The stitched directory is the output of the multiview-stitcher package. It is all of the polyDT in the initial round stitched together. You don't need that information to do the decoding, only to put everything into a global coordinate system.

The python version shouldn't be the problem, it's likely an issue with the packages - or some other issue. How many tiles have the correct zarr.attrs entry? You can load the individual zarr files in an iPython session and check.

dpshepherd commented 6 months ago

I just fixed the pyproject.toml file.

dpshepherd commented 6 months ago

Have you asked RC for help with the repo? If so, what was their response?

mabbasi6 commented 6 months ago

Have you asked RC for help with the repo? If so, what was their response?

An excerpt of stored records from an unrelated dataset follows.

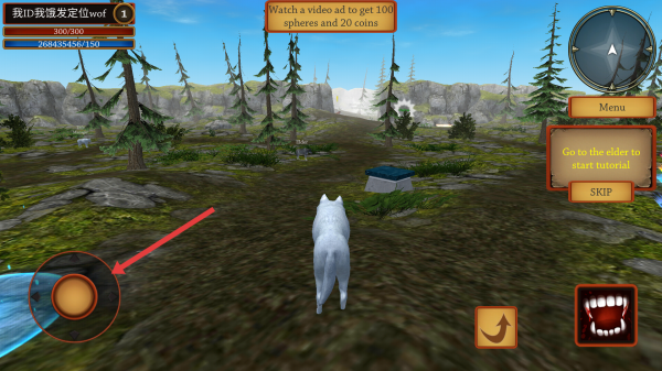 2、在游戏中,使用屏幕上的虚拟摇杆来控制角色的移动方向,在森林场景中自由探索。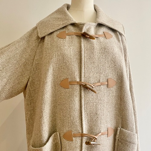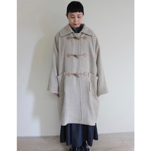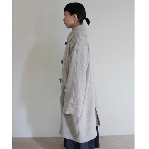 ダッフルコートに使用されるトグルボタンと大きな襟が特徴の気軽に羽織れるフェミニンなシルエットのコートです。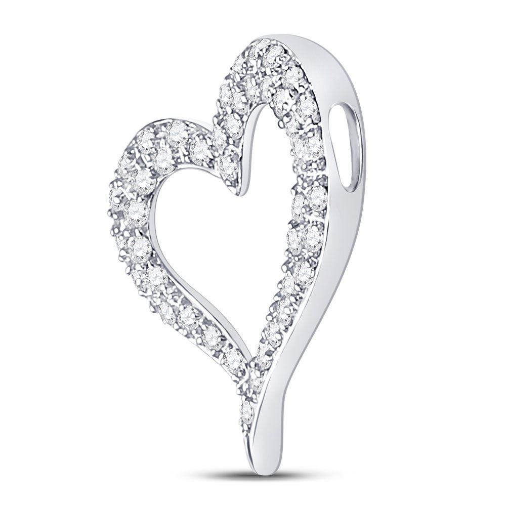 14kt White Gold Womens Round Pave-set Diamond Heart Outline Pendant 1/3 Cttw

I contacted them to appoint someone to help me with it and I am waiting for that, Please lmk if there is a specific person you have found helpful in the past.

dpshepherd commented 6 months ago

I contacted them to appoint someone to help me with it and I am waiting for that, Please lmk if there is a specific person you have found helpful in the past.

We went to their office hours one time and they were helpful. Because we don't use agave or sol, we don't know anybody.

dpshepherd commented 6 months ago

To double-check our codebase, last night I made a fresh environment, deleted the results for 20240202_ECL_IMG_GEL2, re-ran the post-processing, and then started up the spot finding today. Everything looks good.

I made one small update to SPOTS3D to help with tiles that have thousands of potential spot candidates to avoid out of memory errors.

dpshepherd commented 6 months ago

Summarizing our meeting today - it appears the cluster file system is not respecting file naming order. I have added some code to sort the different parts of our file structure. It would be helpful for you to locally install, then add some print commands to make sure that the tile_ids, round_ids, and bit_ids are in ascending order (e.g. ['tile0000','tile0001',...]) when you run the code locally.

mabbasi6 commented 6 months ago

Issue seems to be resolved! Thank you for taking the time and patience to go over it with me! I was able to proceed to localization now.

I used Gemini to write a modified version of the setup_and_run_localization to generate a GUI to take the directory of the processed data from user and then give the option to choose the tile from that directory, and seems to work fine on Sol. I have attached it here in case it is useful. setup_and_run_localization_automated_gui.zip

dpshepherd commented 6 months ago

Glad to hear it is working.

There is already a GUI version of that code, we just aren't using it for testing. Feel free to fork the repo to your own GitHub, make changes, and then open a PR for changes you'd like to make.

Also, a quick look at that Gemini code shows that is really complicated just to pick a directory. I suggest just using the magicgui package: https://github.com/pyapp-kit/magicgui and returning the path.

I unfortunately had to fix a number of issues that somebody else caused in spots3d and napari-spot-localization today. They are all fixed now and running automated, so I would reinstall those two repos.